Name | LUT | LUTAsMem | REG | BRAM | URAM | DSP |
---|---|---|---|---|---|---|
User Budget | 1104369 [100.00%] | 552814 [100.00%] | 2217989 [100.00%] | 1693 [100.00%] | 896 [100.00%] | 9020 [100.00%] |
Used Resources | 285372 [ 25.84%] | 36605 [ 6.62%] | 442368 [ 19.94%] | 267 [ 15.77%] | 64 [ 7.14%] | 1192 [ 13.22%] |
Benchmark Results on Alveo U280 FPGA¶
CPU Hardware information
- Model name: Intel(R) Xeon(R) CPU E5-2667 v4 @ 3.20GHz
- Total threads: 32, Threads/Core: 2, Cores/Socket: 8, Total sockets: 2, Total Cores:16
FPGA Hardware Information
- Device name: Xilinx Alveo U280
- Fmax: 243MHz
Matrix Name | Rows/Cols | NNZs | Padded Rows/Cols | Padded NNZs | Padding Ratio | No. iterations | Time per Iter [ms] | Time per Iter on CPU [ms] | Acceleration Ratio |
---|---|---|---|---|---|---|---|---|---|
nasa2910 | 2910 | 174296 | 2912 | 297952 | 1.70946 | 1777 | 0.0511172 | 0.0692836 | 1.36 |
ex9 | 3363 | 99471 | 3364 | 199328 | 2.00388 | 5000 | 0.0497677 | 0.0559332 | 1.12 |
bcsstk24 | 3562 | 159910 | 3564 | 222656 | 1.39238 | 5000 | 0.0598962 | 0.0581827 | 0.97 |
bcsstk15 | 3948 | 117816 | 3948 | 267488 | 2.27039 | 658 | 0.0927269 | 0.125615 | 1.35 |
bcsstk28 | 4410 | 219024 | 4412 | 319264 | 1.45767 | 4878 | 0.0586356 | 6.92198 | 118.05 |
s3rmt3m3 | 5357 | 207695 | 5360 | 330624 | 1.59187 | 5000 | 0.0744822 | 6.55229 | 87.97 |
s2rmq4m1 | 5489 | 281111 | 5492 | 427648 | 1.52128 | 1779 | 0.084562 | 6.75384 | 79.87 |
nd3k | 9000 | 3279690 | 9000 | 4277792 | 1.30433 | 5000 | 0.363479 | 4.66861 | 12.84 |
ted_B | 10605 | 144579 | 10608 | 548416 | 3.79319 | 30 | 0.984467 | 6.53108 | 6.63 |
ted_B_unscaled | 10605 | 144579 | 10608 | 548416 | 3.79319 | 16 | 1.75354 | 8.59891 | 4.90 |
msc10848 | 10848 | 1229778 | 10848 | 2050720 | 1.66755 | 5000 | 0.230942 | 5.43921 | 23.55 |
cbuckle | 13681 | 676515 | 13684 | 924832 | 1.36705 | 1282 | 0.16427 | 5.48588 | 33.40 |
olafu | 16146 | 1015156 | 16148 | 1452320 | 1.43064 | 5000 | 0.169174 | 5.05108 | 29.86 |
gyro_k | 17361 | 1021159 | 17364 | 1932384 | 1.89234 | 5000 | 0.254172 | 4.85938 | 19.12 |
bodyy4 | 17546 | 121938 | 17548 | 710112 | 5.82355 | 230 | 0.174435 | 4.73164 | 27.13 |
nd6k | 18000 | 6897316 | 18000 | 9415552 | 1.3651 | 5000 | 0.809868 | 4.25772 | 5.26 |
raefsky4 | 19779 | 1328611 | 19780 | 2268704 | 1.70758 | 5000 | 0.268956 | 4.22843 | 15.72 |
bcsstk36 | 23052 | 1143140 | 23052 | 1833056 | 1.60353 | 5000 | 0.253049 | 3.9882 | 15.76 |
Convergence¶
Conjugate gradient method may suffer convergent issue for matrices with large condition number. Jacobi preconditioner, adopted in this kernel, is widely used and dramatically reduces the overall number of iterations to solve the linear system. For some matrices, however, the solver with Jacobi preconditioner is not able to converge. For instance, the number of iterations for some matrices in the above table reached the upper limit 5000 with the preset relative tolerance 10e-12.

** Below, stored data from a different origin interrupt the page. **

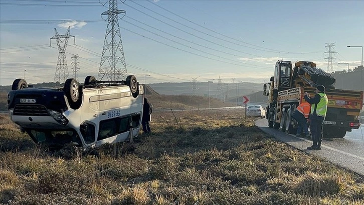 Otoyolun Gebze Balçık Gişeleri mevkisinde seyreden S.K. idaresindeki FF 6576 plakalı işçi servisi, bağlantı yolunda şarampole devrildi.
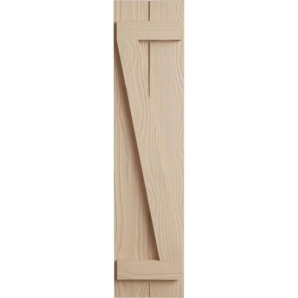 11 in. x 68 in. Timberthane Polyurethane 2-Board Joined Board-n-Batten Sandblasted Faux Wood Shutters w/Z-Board Pair
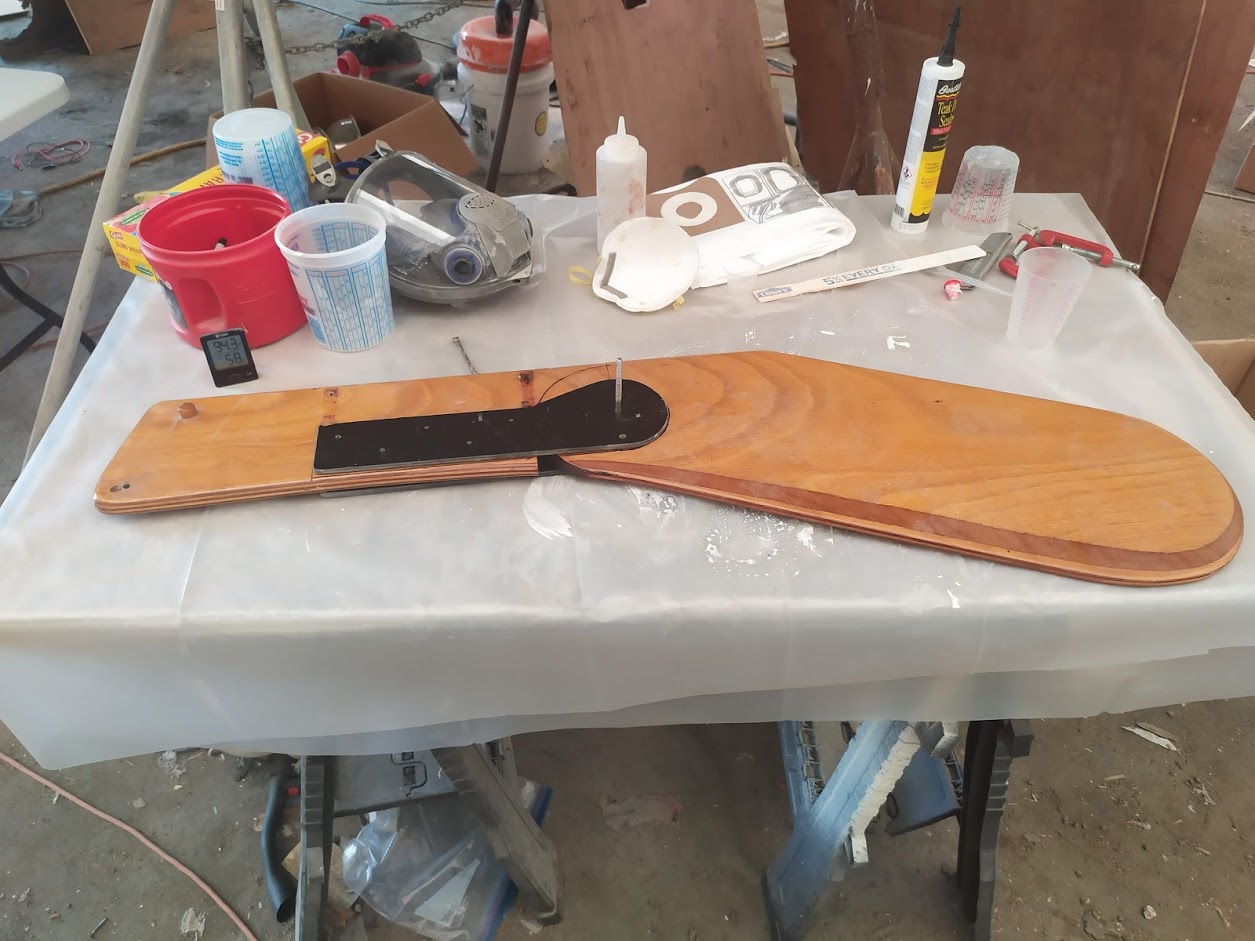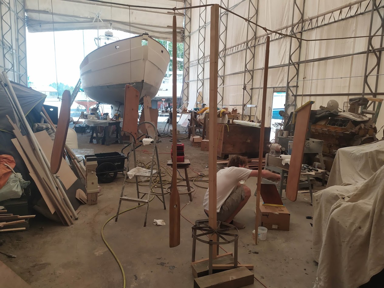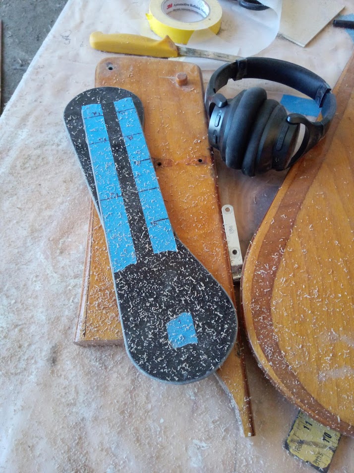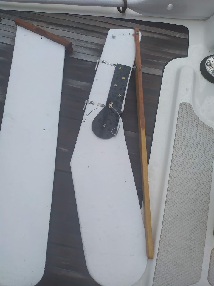 We let the Awlgrip cure for a few days, but kept busy turning the rudder into a folder rudder, painting the centerboard, plug, and oars.
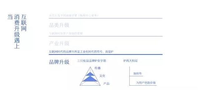 第三个是品牌升级,这个可能也是大家最感兴趣的地方。很多人说三只松鼠的营销做的好,广告植入做的好,但是并没有那么简单,我们自己内部提出了一个品牌IP金字塔的模型。也就是产品是基石,文化是驱动,传播是认知。我们常说产品要做到100分,就是对产品的极致追求,只有好的产品,才能成为这个企业的根基。中间这一部分是文化,在三只松鼠我们有很多比较独特的企业文化,比如说我们的1154行动纲领,还有我们的道德公约等等,这些文化才保证我们产品的品质。最后上面这一层就是传播,只有我们的产品机遇我们的文化,才有最后的传播,传播是认知。
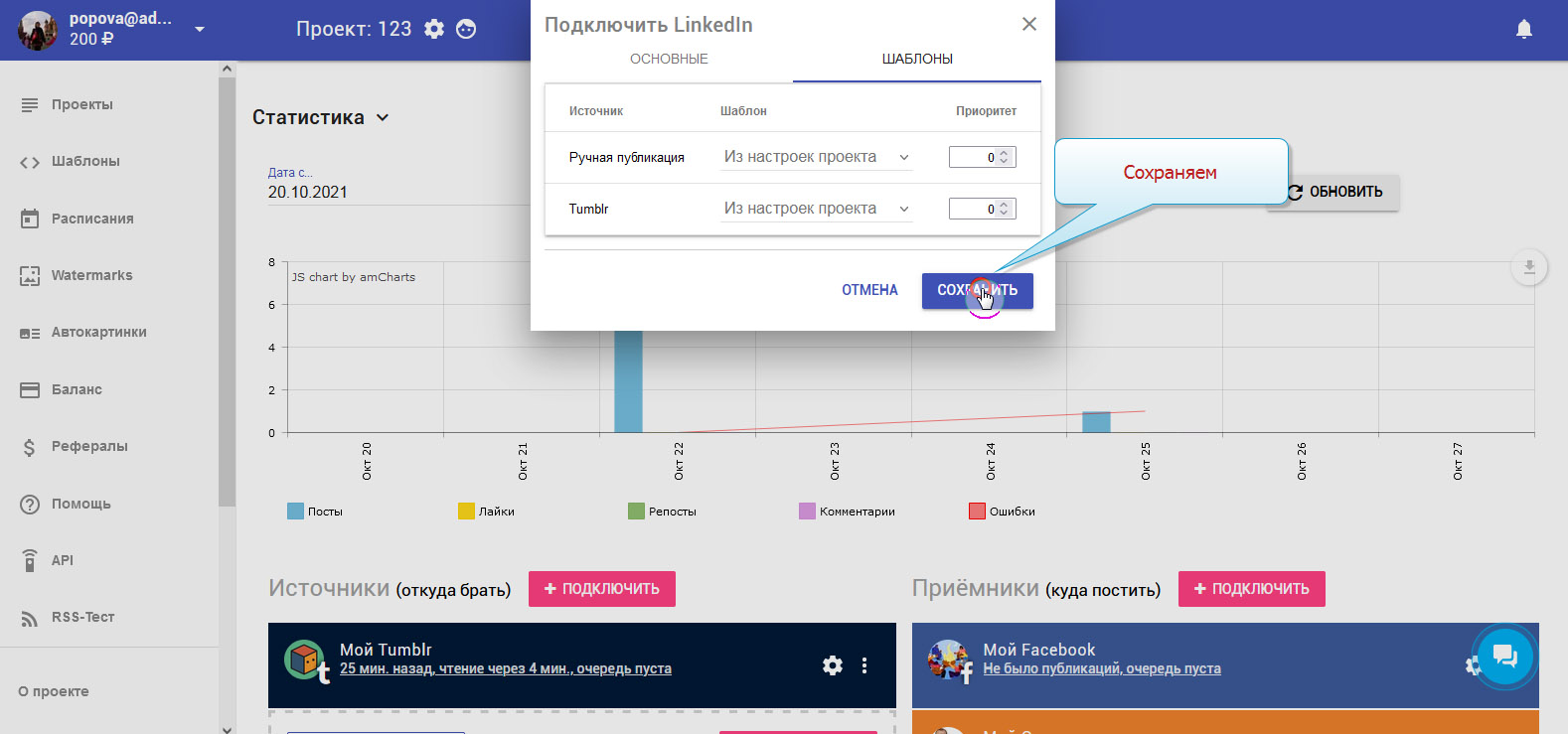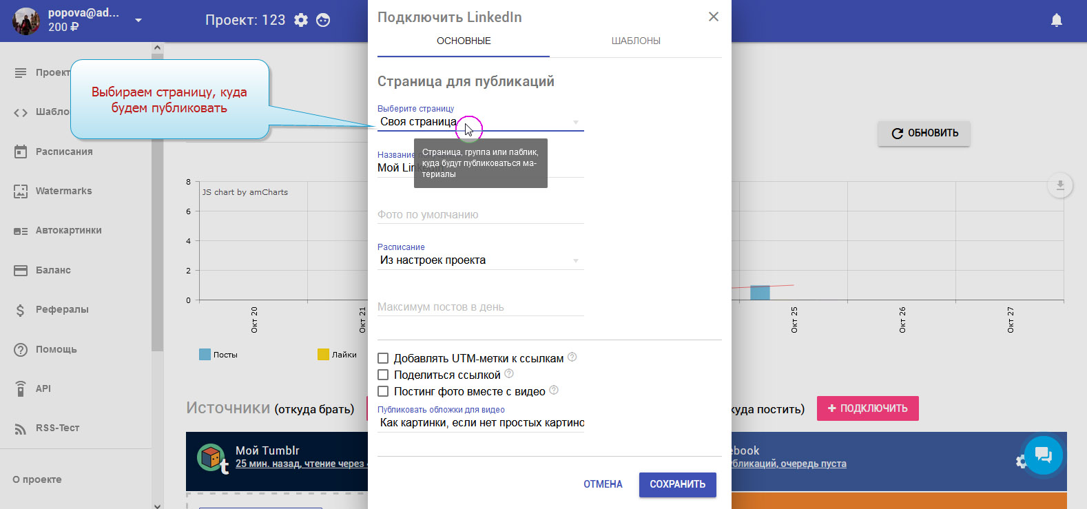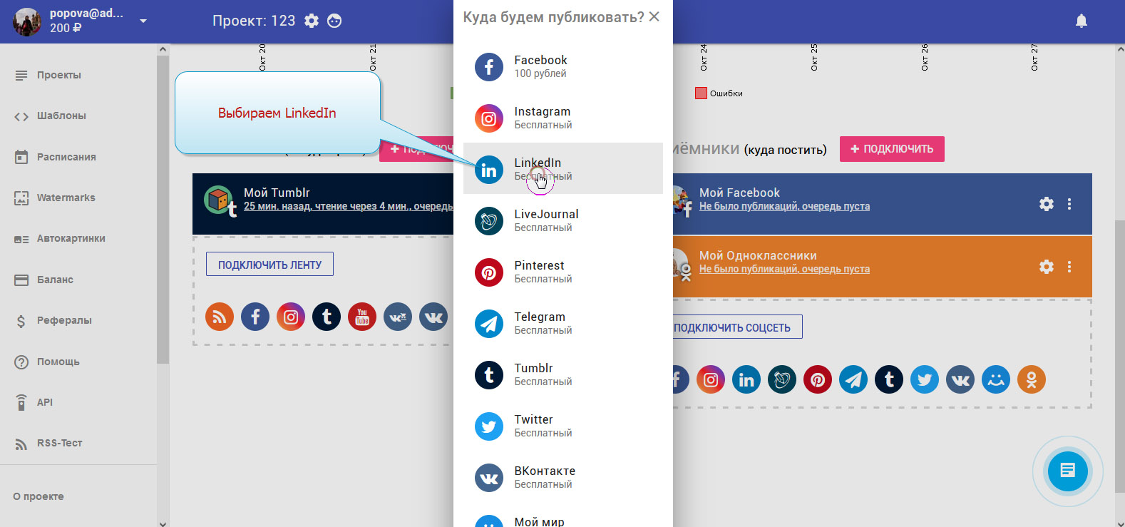 Чтобы записи публиковались в LinkedIn автоматически, необходимо добавить LinkedIn в приёмники.

Although the solver, for some other matrices e.g. ted_B_unscaled, meets the preset tolerance within the preset number of iteration limit, there might still be some mismatches in the result vector compared to the golden reference x. The solution to this issue is to further reduce the tolerance value to such as 10e-15.